From: "Darrick J. Wong" <djwong@kernel.org>
To: Dave Chinner <david@fromorbit.com>
Cc: linux-xfs@vger.kernel.org, chandan.babu@oracle.com
Subject: Re: [PATCH] xfs: don't use current->journal_info
Date: Fri, 23 Feb 2024 08:28:43 -0800 [thread overview]
Message-ID: <20240223162843.GL616564@frogsfrogsfrogs> (raw)
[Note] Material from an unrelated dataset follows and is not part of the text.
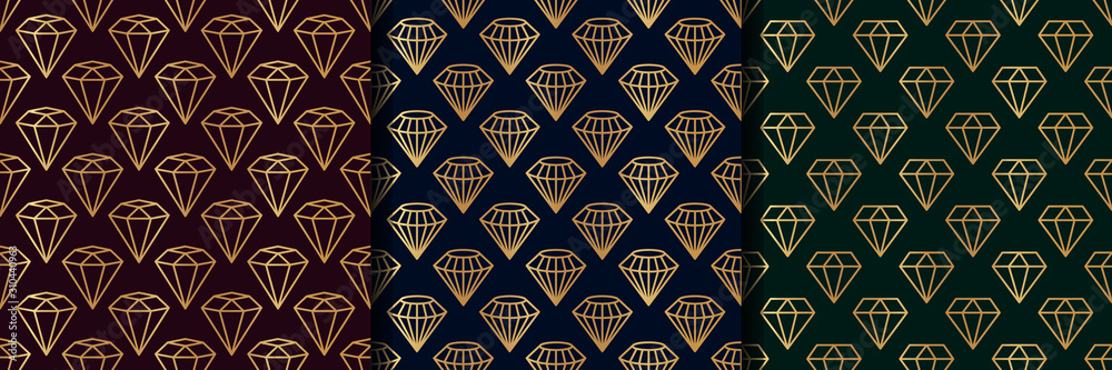 Set of three Gemstone Seamless pattern in minimal trendy style. Gold linear diamonds on a dark background. Vector #310440963

In-Reply-To: <ZdafCN+mNecltZ1T@dread.disaster.area>
On Thu, Feb 22, 2024 at 12:10:32PM +1100, Dave Chinner wrote:
> On Wed, Feb 21, 2024 at 03:25:36PM -0800, Darrick J. Wong wrote:
> > On Thu, Feb 22, 2024 at 09:47:23AM +1100, Dave Chinner wrote:
> > > From: Dave Chinner <dchinner@redhat.com>
> > >
> > > syzbot reported an ext4 panic during a page fault where found a
> > > journal handle when it didn't expect to find one. The structure
> > > it tripped over had a value of 'TRAN' in the first entry in the
> > > structure, and that indicates it tripped over a struct xfs_trans
> > > instead of a jbd2 handle.
> > >
> > > The reason for this is that the page fault was taken during a
> > > copy-out to a user buffer from an xfs bulkstat operation. XFS uses
> > > an "empty" transaction context for bulkstat to do automated metadata
> > > buffer cleanup, and so the transaction context is valid across the
> > > copyout of the bulkstat info into the user buffer.
> > >
> > > We are using empty transaction contexts like this in XFS in more
> > > places to reduce the risk of failing to release objects we reference
> > > during the operation, especially during error handling. Hence we
> > > really need to ensure that we can take page faults from these
> > > contexts without leaving landmines for the code processing the page
> > > fault to trip over.
> > >
> > > We really only use current->journal_info for a single warning check
> > > in xfs_vm_writepages() to ensure we aren't doing writeback from a
> > > transaction context. Writeback might need to do allocation, so it
> > > can need to run transactions itself. Hence it's a debug check to
> > > warn us that we've done something silly, and largely it is not all
> > > that useful.
> > >
> > > So let's just remove all the use of current->journal_info in XFS and
> > > get rid of all the potential issues from nested contexts where
> > > current->journal_info might get misused by another filesytsem
> > > context.
> >
> > I wonder if this is too much, though?
>
> We ran XFS for 15+ years without setting current->journal_info, so I
> don't see it as a necessary feature...
Indeed, I don't see it as a necessary feature for XFS, merely a "bs
coming in from other parts of the kernel" detector. And boy howdy did I
ever find bs.
> > Conceptually, I'd rather we set current->journal_info to some random
> > number whenever we start a !NO_WRITECOUNT (aka a non-empty) transaction
> > and clear it during transaction commit/cancel. That way, *we* can catch
> > the case where some other filesystem starts a transaction and
> > accidentally bounces into an updating write fault inside XFS.
>
> I could just leave the ASSERT(current->journal_info == NULL); in
> xfs_trans_set_context() and we would catch that case. But, really,
> having a page fault from some other filesystem bounce into XFS where
> we then have to run a transaction isn't a bug at all.
>
> The problem is purely that we now have two different contexts that
> now think they own current->journal_info. IOWs, no filesystem can
> allow page faults while current->journal_info is set by the
> filesystem because the page fault processing might use
> current->journal_info itself.
>
> If we end up with nested XFS transactions from a page fault whilst
> holding an empty transaction, then it isn't an issue as the outer
> transaction does not hold a log reservation. The only problem that
> might occur is a deadlock if the page fault tries to take the same
> locks the upper context holds, but that's not a problem that setting
> current->journal_info would solve, anyway...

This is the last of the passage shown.